Around 1835 the Swan came into the ownership of the Kentish coachman William Chaplin (1787-?) who built up a large coaching business that by then used 1,200 horses. By 1835 he was running 68 coaches using 1,800 horses and employing 2,000 men. Among the other inns he owned were the Spread Eagle, Gracechurch Street, the Cross Keys, and the White Horse, Fetter Lane. He has been called "perhaps the greatest coach proprietor that ever lived".

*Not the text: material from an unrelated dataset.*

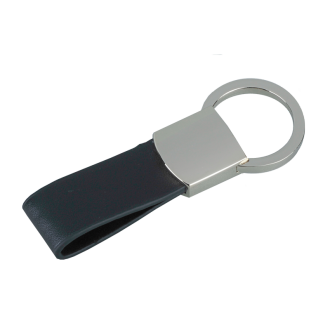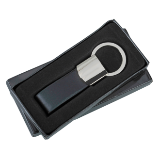 Brelok wykonany z połączenia błyszczącego metalu z ekoskórą. Pakowany w czarne opakowanie upominkowe

Chaplin sold most of his horses, however, to invest in the railways and the inn at the Swan closed around 1860. It was replaced by a new building that functioned as a goods and parcels depot for Chaplin & Horne railway agents and carriers. The British Almanac of 1862 reported that:

One of the most remarkable recent buildings in the City for its size and constructive features occupies the site of the well-known Swan-with-two-Necks, in Gresham Street. It is built for Messrs. Chaplin and Horne, the railway carriers, and has a frontage of nearly 100 feet, a depth of 150 feet, and a height of 64 feet above the pavement, while beneath are warehouses and extensive stabling. The front has a solid architectural character, in keeping with the purposes to which the building is to be applied. The ground floor, of Portland stone, rusticated, rests on a granite basement, while the three upper stories are of brick with stone dressings, a massive cornice crowning the whole. The architect was Mr. W. Tite, M.P.; the cost has been a little under 40,000l.

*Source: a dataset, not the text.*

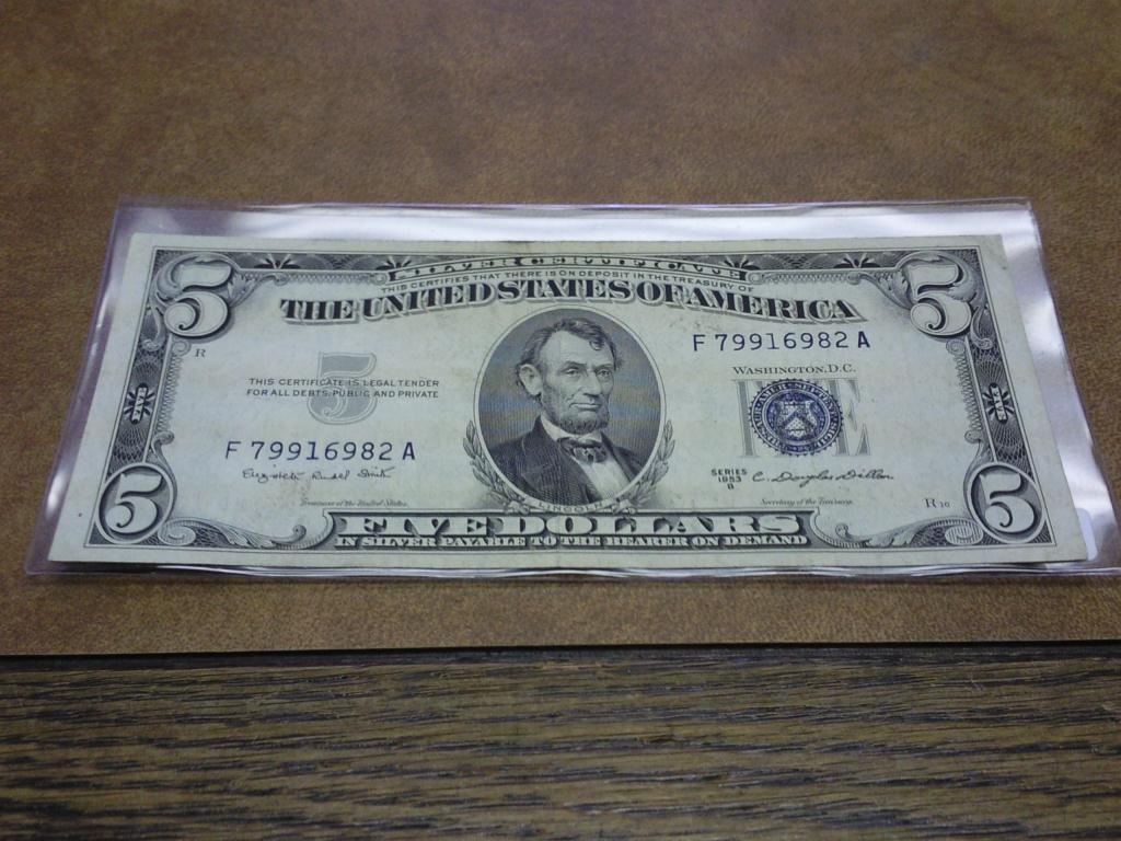 1953-B FIVE DOLLAR SILVER CERT. (BLUE SEAL)

A trade directory for 1869 listed the site as "the Receiving Office for Goods for the Great Eastern, London & South Western, South Eastern, London, Brighton & South Coast & London, Chatham & Dover Railway Companies." Advertising for Chaplin & Horne from 1874 indicates that the site continued to be known as the Swan-with-two-Necks but that it was only one of many depots run by the firm. Chaplin & Horne were in competition with Pickfords for much of the nineteenth century and Pickfords eventually took over Chaplin & Horne and the Swan at 57 Gresham Street became a Pickfords depot and their head office.